Out on the water everything becomes tuna. That is until it’s been hauled on board tuna boats using large purse seine nets set around fish aggregation devices (FADs). However, by that time it’s usually too late and anything which is not tuna, collectively known as bycatch, is thrown back into the sea, often injured, dead or dying.

According to statistics circulated by Sealord, bycatch of other species is five to 10 times higher when purse seiners use FADs. This wasteful method also has serious impact on tuna stocks, as juvenile and undersized tunas make up 15-20 per cent of the catch.

New Zealand brands of canned tuna don’t catch their own tuna but instead buy it from fishing fleets – many of which are using this indiscriminate fishing method. That means it's up to canned tuna companies to adopt policies and ensure they aren't trading in unsustainably-caught tuna. But some companies are neglecting to do so.
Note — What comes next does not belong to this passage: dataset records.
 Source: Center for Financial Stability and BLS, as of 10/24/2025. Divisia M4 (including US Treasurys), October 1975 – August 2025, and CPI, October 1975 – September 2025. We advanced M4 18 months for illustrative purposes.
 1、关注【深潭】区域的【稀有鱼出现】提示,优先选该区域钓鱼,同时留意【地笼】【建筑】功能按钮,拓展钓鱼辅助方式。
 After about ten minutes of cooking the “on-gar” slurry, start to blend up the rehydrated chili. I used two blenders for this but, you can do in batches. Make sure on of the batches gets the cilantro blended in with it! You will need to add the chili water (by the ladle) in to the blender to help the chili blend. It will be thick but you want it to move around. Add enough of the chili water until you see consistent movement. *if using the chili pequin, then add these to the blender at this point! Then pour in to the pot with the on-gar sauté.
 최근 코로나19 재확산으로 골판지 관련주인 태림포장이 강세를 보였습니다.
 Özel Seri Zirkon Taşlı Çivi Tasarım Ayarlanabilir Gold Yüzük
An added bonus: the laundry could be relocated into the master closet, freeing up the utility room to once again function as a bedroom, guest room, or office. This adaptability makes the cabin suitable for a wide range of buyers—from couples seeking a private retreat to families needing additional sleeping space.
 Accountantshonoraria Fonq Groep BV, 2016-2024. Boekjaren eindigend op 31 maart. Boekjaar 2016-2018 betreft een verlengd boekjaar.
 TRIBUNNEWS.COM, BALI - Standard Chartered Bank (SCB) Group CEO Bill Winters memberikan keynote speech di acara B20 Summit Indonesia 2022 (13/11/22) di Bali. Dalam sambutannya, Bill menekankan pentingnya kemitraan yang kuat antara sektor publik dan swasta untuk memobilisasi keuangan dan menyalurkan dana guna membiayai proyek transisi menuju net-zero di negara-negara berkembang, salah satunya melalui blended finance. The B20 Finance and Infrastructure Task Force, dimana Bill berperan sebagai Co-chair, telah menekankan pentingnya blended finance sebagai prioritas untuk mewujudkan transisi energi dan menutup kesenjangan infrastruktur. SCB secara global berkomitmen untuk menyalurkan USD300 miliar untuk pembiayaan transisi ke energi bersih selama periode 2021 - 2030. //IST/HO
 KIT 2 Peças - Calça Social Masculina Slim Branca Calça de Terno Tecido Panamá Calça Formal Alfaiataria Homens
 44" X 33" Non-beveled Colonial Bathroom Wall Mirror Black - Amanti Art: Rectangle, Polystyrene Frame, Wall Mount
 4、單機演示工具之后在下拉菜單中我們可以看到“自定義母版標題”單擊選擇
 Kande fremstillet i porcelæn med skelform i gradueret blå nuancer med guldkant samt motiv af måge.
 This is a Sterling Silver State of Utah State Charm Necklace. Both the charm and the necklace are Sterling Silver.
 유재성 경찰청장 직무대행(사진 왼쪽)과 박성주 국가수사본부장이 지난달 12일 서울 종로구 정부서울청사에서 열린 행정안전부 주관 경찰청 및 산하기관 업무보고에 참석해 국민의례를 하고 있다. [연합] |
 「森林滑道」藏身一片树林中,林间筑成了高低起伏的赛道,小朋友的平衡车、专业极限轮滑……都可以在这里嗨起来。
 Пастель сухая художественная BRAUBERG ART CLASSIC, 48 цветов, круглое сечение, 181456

To highlight this shameless waste of ocean life we’ve started an ad campaign calling on Sealord, New Zealand’s largest tuna brand, to change to more sustainably caught tuna.

Remember the fish species poster that used to be in every fish and chip shop? That’s the concept we’ve modeled our ad on except with one obvious difference. We feature 18 marine species, from sharks to tropical fish, but each and everyone is labelled as tuna. The tagline reads; Sealord tuna. What’s the catch?

We used this artwork for a poster, back in June, in central Wellington to coincide with World Oceans Day and the annual conference of the Seafood Industry. And now it’s appearing as a full page in New Idea magazine. No guessing where it might appear next.

It’s now been three months since we launched our campaign calling on New Zealand’s main brands of canned tuna to change to more sustainably caught tuna.

In response, Foodstuffs promptly announced it will be changing most of its Pams range of canned tuna to FAD-free by the end of the year.

They left Sealord, the other local company and New Zealand's biggest canned tuna brand, in their wake. Sealord continues to sell tuna caught using purse seine nets set around FADs. Already 13,000 emails have been sent to Sealord by concerned customers, urging the company to change their tuna.

Overseas John West has just committed to phase out its use of FAD-caught tuna, joining the rest of the UK's main canned tuna brands which have shifted, or committed to shift, to more sustainably caught tuna.

An updated ranking of the main tuna brands in Australia, released by Greenpeace today, shows two companies have committed to stop selling FAD-caught tuna and two others have improved on sustainability since last year.

Shame on you, Sealord – if all those companies can do the right thing by our oceans, so can you!